According to a new report released last week by global consultancy firm McKinsey & Company, metaverse will create revenues up to $5 trillion by 2030 – roughly the size of Japan’s GDP.
The report titled “Value creation in the metaverse” collected data from 3,104 consumers over 11 countries and 448 businesses over 15 different sectors to finalize the findings.
Since Facebook rebranded to “Meta Platforms”, there has been a lot of noise in the space. Tech companies have leapt forward with their iterations of the metaverse. Brands like Adidas, Prada, Nike, and many more have launched digital outlets or have plans to do so.
McKinsey believes metaverse has tremendous value for businesses and is not a fad. It is gradually becoming too big to ignore. Companies not adapting to the metaverse might lose their edge.
The report read:
“There continue to be questions around the longevity and potential of the metaverse, with an extreme view regarding it as merely a rebranded gaming platform of little wider interest. We do not share that skepticism and believe the metaverse has the potential to be the next iteration of the internet.”
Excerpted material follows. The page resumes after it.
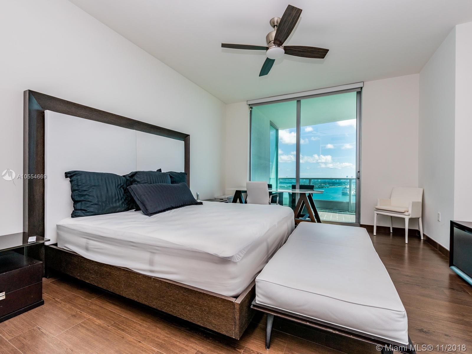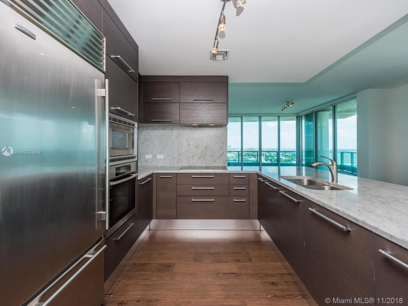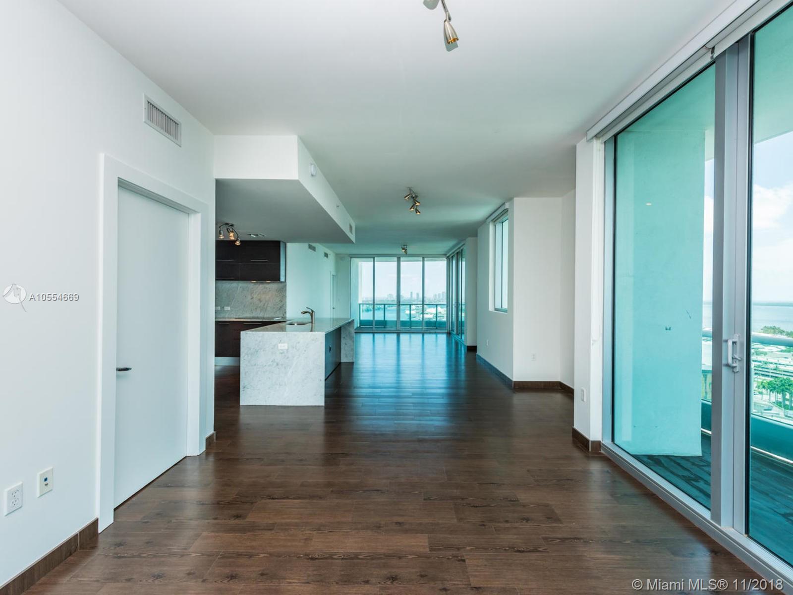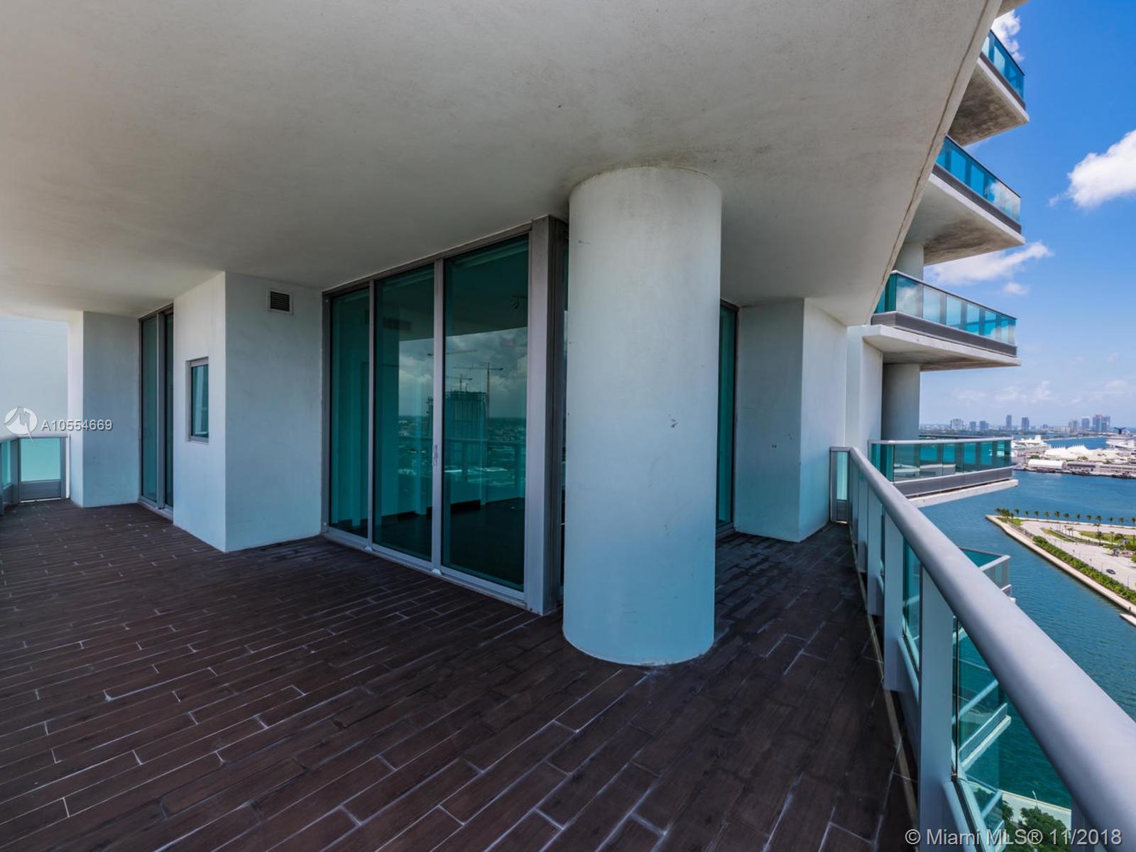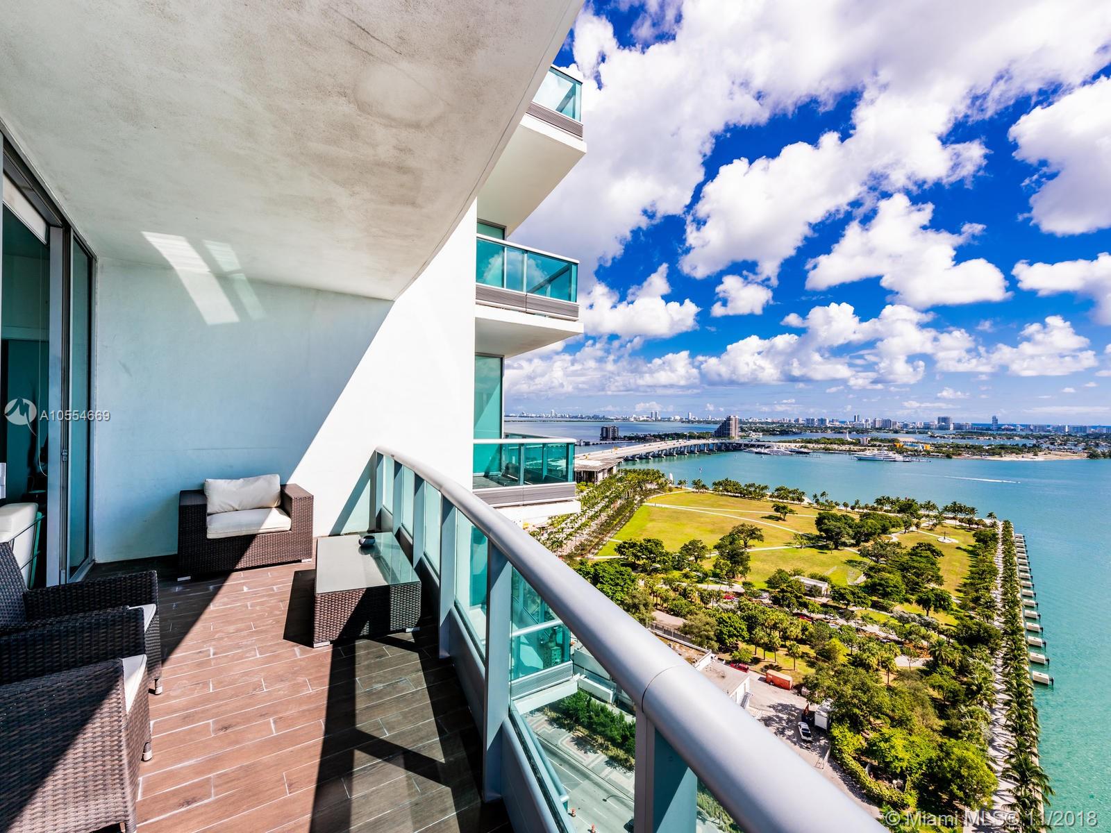 Best priced & most desired floor plan. Direct water corner unit with private elevator & foyer 2 bedroom + Den, 3.5 bath residence with 3 terraces, den has full bath & closet & can be easily converted to a 3rd bedroom. Split floor plan with large master bedroom has two closets and private terrace overlooking Biscayne Bay. Modern open kitchen with Sub Zero and Miele appliances. Spacious living/dining area, high ceilings and huge terraces make this feel like a house. Must see. Call today.

As the metaverse slowly infiltrates into daily lives, an average internet user is expected to spend at least 6 hours a day on the metaverse in 8 years. At that time, more than 50% of the live events could be conducted over the virtual space. Also, 80% of the commerce could be impacted by what people do in the metaverse.
E-commerce and virtual advertising could be the primary beneficiaries with the potential to reach $2 trillion and $150 billion in sales, respectively.
Almost 65% of the respondents indicated that they were excited about shopping in the virtual world, with 79% preferring an immersive shopping experience over the traditional ways.
Eric Hazan, the Senior Partner at McKinsey, compares the current time to Web 2.0 in 2004. At that time, people were introduced to mass interactions over the internet, and American consumerism was mostly limited to physical stores. Then came social media, and user-generated content completely transformed everyday life, from media consumption to shopping. He revealed that we are at the cusp of a great change.
The report notes that about $120 billion has been poured into the space in 2022, a 100% rise over the previous year’s $57 million.
Several banks and financial institutions, including JP Morgan, Standard Chartered Bank, HSBC, and Fidelity Investments, are now present in the metaverse, indicating optimism for the future.
Gaming and crypto will be the main drivers of the space, with 70% believing advancements in blockchain to be critical for the metaverse.
However, everything isn’t rosy on the report as 31% of all executives expressed skepticism about the upcoming investments involving web3. Some also believe the technology might not be the requirement of the hour.
Even though metaverse kicked off as a tool to curb privacy concerns, around 70% remain concerned about their safety.
McKinsey isn’t the only one to predict the astronomical rise of the metaverse. Citigroup views metaverse as a 13$ trillion opportunity by 2030, while Goldman Sachs put it at $8 trillion by the same time.